2. Margareth
“Hecha la ley, hecha la trampa,
el mundo está lleno de tramposos.
Vivimos en un mundo corrompido
donde el dinero lo compra todo.
El dinero puede pagar hasta
la libertad del asesino
más sanguinario de todos.”
Tengo un mal sabor de boca después de la conversación con Samantha en la oficina. Mientras bajo las escaleras para ir a tomar café recuerdo aquellos malditos días.
Aquellas violaciones, los golpes, los gritos, las lágrimas de Samantha, aquellos momentos en los que ella creía que no me enteraba de nada pero la escuchaba maldecir y reprocharse cada una de sus decisiones. Los golpes que se llevó ella por intentar que no me los llevara yo, las heridas y quemaduras que esta porta en su espalda. Y aquella niña, recuerdo a aquella niña rubia de ojos azules, que lloraba con cada herida que nos curaba. Esa niña que iba encadenada de pies y manos, con ropas andrajosas.
No fue culpa de Samantha, fue de ambas, del amor a nuestro trabajo. Es un peligro existente, algo puede sucedernos en cualquier momento, así es nuestra vida y nuestro trabajo. Tampoco fue nuestra culpa que la niña no apareciera. No estaba muerta, simplemente cuando nos rescataron ella ya no estaba allí.
¿Se acordará de la niña?
No hemos hablado de ello desde que sucedió. Nunca lo hemos nombrado, nunca hemos hablado de esa pequeña, ni de lo que nos pasó. Hoy ha sido la primera vez que sale algo a la luz.
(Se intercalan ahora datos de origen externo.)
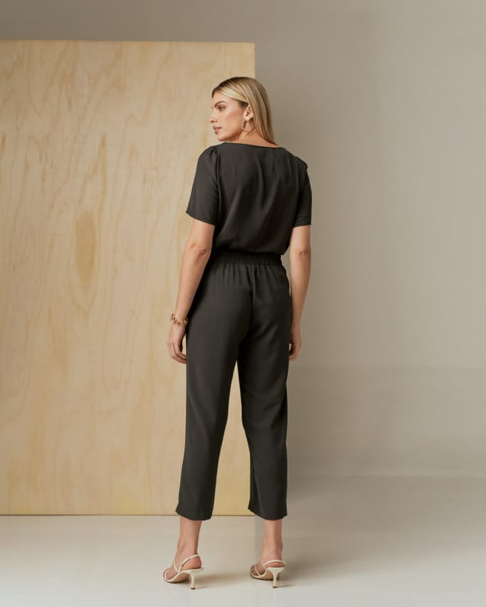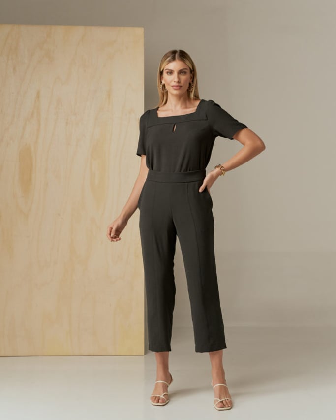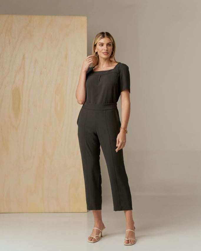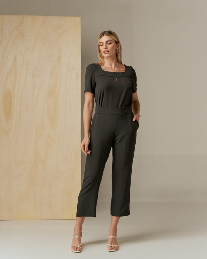 Conjunto de crepe com aspecto enrugado. Blusa com fenda no decote quadrado, manga curta e abertura lateral. Calça com recorte pespontado frontal, bolso faca e cós com elástico para maior conforto.

Finalmente llegamos a la cafetería. Ambas seguimos muy calladas, perdidas en nuestros pensamientos, que nos torturan día y noche. Nos sentamos en la mesa de siempre en la terraza, al sol y alejadas de cualquier ser humano que pueda poner la antena para escuchar.
—Hola, preciosas, un café con leche y un Cola Cao, ¿verdad? ¿Ambos con tostadas de tomate? —dice el camarero—. ¿Estáis bien? Tenéis mala cara.
—Sí, Jorge, lo de siempre —digo con una amplia sonrisa—. Tranquilo, demasiado trabajo y papeleo.
Entonces se marcha. Parece que mi explicación le ha convencido.
—Este chico cada día está más bueno —dice Samantha—. ¿Qué estás mirando?
—A esos dos policías que vienen directos aquí.
Entonces veo cómo se gira con disimulo, pero a mí no me engaña. Su gran debilidad son los uniformes, es ver uno y caerle las bragas literalmente al suelo.
—¡Ohhh, por Dios! Yo quiero que me detenga el moreno. ¡¡A ese le enseñaba lo que es una mujer de verdad!! —dice volviéndose hacia mí.
Pongo los ojos en blanco y sigo el camino de ellos con la mirada.
—Pues igual podrías hacerlo ahora. Porque me da que es verdad que van a venir hacia aquí. Están hablando con Jorge y él señala esta mesa.
—Buenos días, señoritas, ¿son ustedes las propietarias de Temis detectives? —pregunta el policía de ojos azules mientras se acerca a nosotras.
—Sí. ¿Podemos saber quién lo pregunta? —digo mirándolos fijamente.
—La policía —contesta el compañero de este arqueando una ceja.
Es impresionante, atractivo. Tiene el pelo rapado, los ojos verdes, cuerpo atlético, es moreno de piel y tiene una cara de niño bueno que me vuelve loca.